Interpolates pixel values from the image data onto specified target points.

This function uses scattered data interpolation to estimate pixel values at given target points based on the known pixel data from the image. Linear interpolation is used to ensure a smooth transition of values.

Arguments

target_points (np.ndarray): An array of grid coordinates where pixel values should be interpolated. image_data (ImageData): 3D image data containing voxel coordinates and values

Returns

np.ndarray
An array of interpolated pixel values at the target points.
def world_to_grid_coords(self,
world_coords: numpy.ndarray,
orientation: numpy.ndarray,
grid_origin: numpy.ndarray) ‑> numpy.ndarray
Expand source code
def world_to_grid_coords(
    self,
    world_coords: np.ndarray,
    orientation: np.ndarray,
    grid_origin: np.ndarray,
) -> np.ndarray:
    """Converts world coordinates to grid coordinates.

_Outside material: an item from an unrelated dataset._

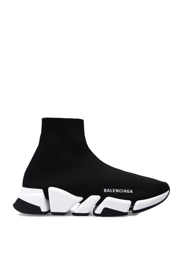 Balenciaga的黑色Speed 2.0 LT运动鞋。袜饰编织鞋帮。饰有白色logo。黑白橡胶鞋底。
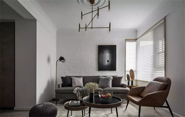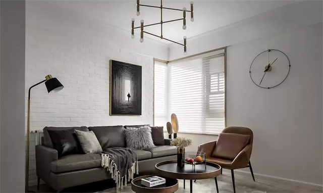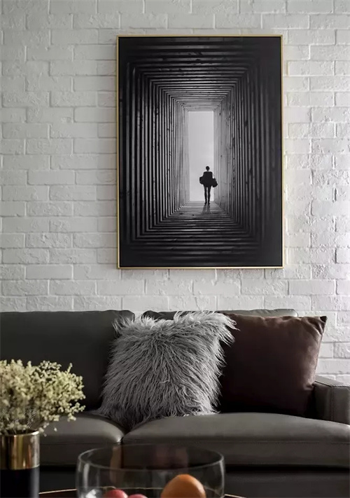 ▲ 沙发背景墙采用白色文化砖,一幅黑白画作提升气场,带来空间视觉上的延伸感,打造独具意境的艺术格调。

    This function transforms world coordinates into grid coordinates by
    applying the inverse of the orientation matrix and adjusting for the
    grid origin. The resulting coordinates are ordered such that the first
    dimension represents depth, the second represents rows, and the third
    represents columns.

    Arguments:
        world_coords (np.ndarray): An (N, 3) array representing N points
            in world coordinates (x, y, z).
        orientation (np.ndarray): A 3×3 matrix defining the spatial mapping
            between world and grid coordinates.
        grid_origin (np.ndarray): A (3,) array representing the world
            coordinates of the first pixel in the grid.

    Returns:
        np.ndarray: An (N, 3) array of transformed grid coordinates,
            ordered as (depth, row, column).
    """

    orientation_inv = np.linalg.inv(orientation)

    return (orientation_inv @ (world_coords - grid_origin).T).T

Converts world coordinates to grid coordinates.

This function transforms world coordinates into grid coordinates by applying the inverse of the orientation matrix and adjusting for the grid origin. The resulting coordinates are ordered such that the first dimension represents depth, the second represents rows, and the third represents columns.

Arguments

world_coords (np.ndarray): An (N, 3) array representing N points in world coordinates (x, y, z). orientation (np.ndarray): A 3×3 matrix defining the spatial mapping between world and grid coordinates. grid_origin (np.ndarray): A (3,) array representing the world coordinates of the first pixel in the grid.

Returns

np.ndarray
An (N, 3) array of transformed grid coordinates, ordered as (depth, row, column).